Provided material:
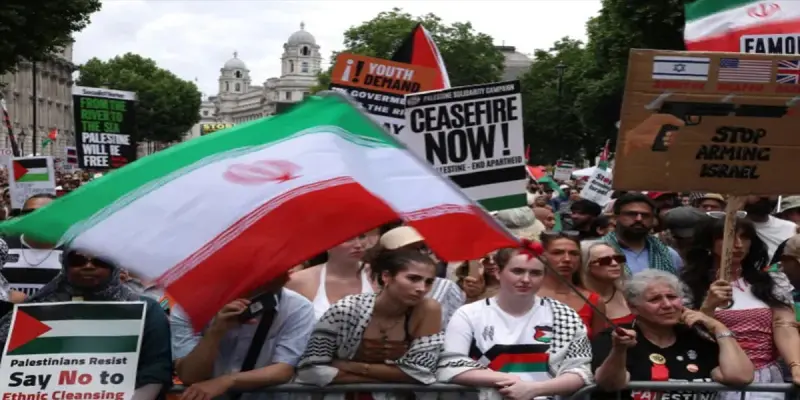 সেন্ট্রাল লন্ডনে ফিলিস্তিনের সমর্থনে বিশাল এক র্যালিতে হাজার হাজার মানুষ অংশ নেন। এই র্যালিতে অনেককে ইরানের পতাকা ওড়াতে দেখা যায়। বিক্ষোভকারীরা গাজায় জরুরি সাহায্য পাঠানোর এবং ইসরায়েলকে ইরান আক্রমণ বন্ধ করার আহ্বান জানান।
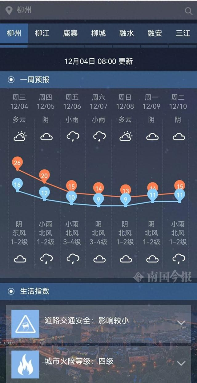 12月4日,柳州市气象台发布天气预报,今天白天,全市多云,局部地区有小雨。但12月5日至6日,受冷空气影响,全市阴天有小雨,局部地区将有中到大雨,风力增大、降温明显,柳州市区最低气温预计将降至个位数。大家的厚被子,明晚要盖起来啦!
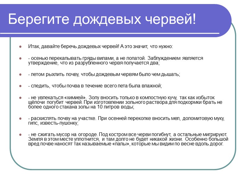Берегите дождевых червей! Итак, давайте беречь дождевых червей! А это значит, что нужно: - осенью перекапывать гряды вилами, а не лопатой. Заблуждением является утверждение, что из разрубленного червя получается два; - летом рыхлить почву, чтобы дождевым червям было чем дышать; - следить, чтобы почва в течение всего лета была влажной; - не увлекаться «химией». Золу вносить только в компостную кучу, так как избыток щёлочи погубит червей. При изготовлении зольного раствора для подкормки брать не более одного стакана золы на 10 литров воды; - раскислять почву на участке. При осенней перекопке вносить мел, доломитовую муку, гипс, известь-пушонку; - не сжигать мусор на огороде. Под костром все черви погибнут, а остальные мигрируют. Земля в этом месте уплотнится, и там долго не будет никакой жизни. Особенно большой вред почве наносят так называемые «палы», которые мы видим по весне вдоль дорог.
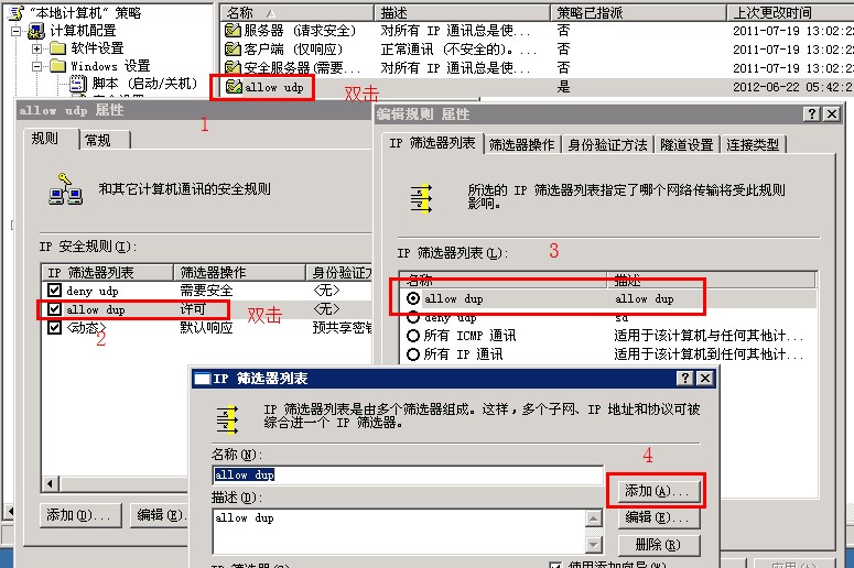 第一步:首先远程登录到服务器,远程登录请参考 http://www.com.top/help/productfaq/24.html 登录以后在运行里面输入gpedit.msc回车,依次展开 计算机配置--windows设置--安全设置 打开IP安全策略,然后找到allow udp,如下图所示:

Task objective:
Without the pictures, repeat the listing word for word.

Answer area:
 সেন্ট্রাল লন্ডনে ফিলিস্তিনের সমর্থনে বিশাল এক র্যালিতে হাজার হাজার মানুষ অংশ নেন। এই র্যালিতে অনেককে ইরানের পতাকা ওড়াতে দেখা যায়। বিক্ষোভকারীরা গাজায় জরুরি সাহায্য পাঠানোর এবং ইসরায়েলকে ইরান আক্রমণ বন্ধ করার আহ্বান জানান।
 12月4日,柳州市气象台发布天气预报,今天白天,全市多云,局部地区有小雨。但12月5日至6日,受冷空气影响,全市阴天有小雨,局部地区将有中到大雨,风力增大、降温明显,柳州市区最低气温预计将降至个位数。大家的厚被子,明晚要盖起来啦!
Берегите дождевых червей! Итак, давайте беречь дождевых червей! А это значит, что нужно: - осенью перекапывать гряды вилами, а не лопатой. Заблуждением является утверждение, что из разрубленного червя получается два; - летом рыхлить почву, чтобы дождевым червям было чем дышать; - следить, чтобы почва в течение всего лета была влажной; - не увлекаться «химией». Золу вносить только в компостную кучу, так как избыток щёлочи погубит червей. При изготовлении зольного раствора для подкормки брать не более одного стакана золы на 10 литров воды; - раскислять почву на участке. При осенней перекопке вносить мел, доломитовую муку, гипс, известь-пушонку; - не сжигать мусор на огороде. Под костром все черви погибнут, а остальные мигрируют. Земля в этом месте уплотнится, и там долго не будет никакой жизни. Особенно большой вред почве наносят так называемые «палы», которые мы видим по весне вдоль дорог.
 第一步:首先远程登录到服务器,远程登录请参考 http://www.com.top/help/productfaq/24.html 登录以后在运行里面输入gpedit.msc回车,依次展开 计算机配置--windows设置--安全设置 打开IP安全策略,然后找到allow udp,如下图所示:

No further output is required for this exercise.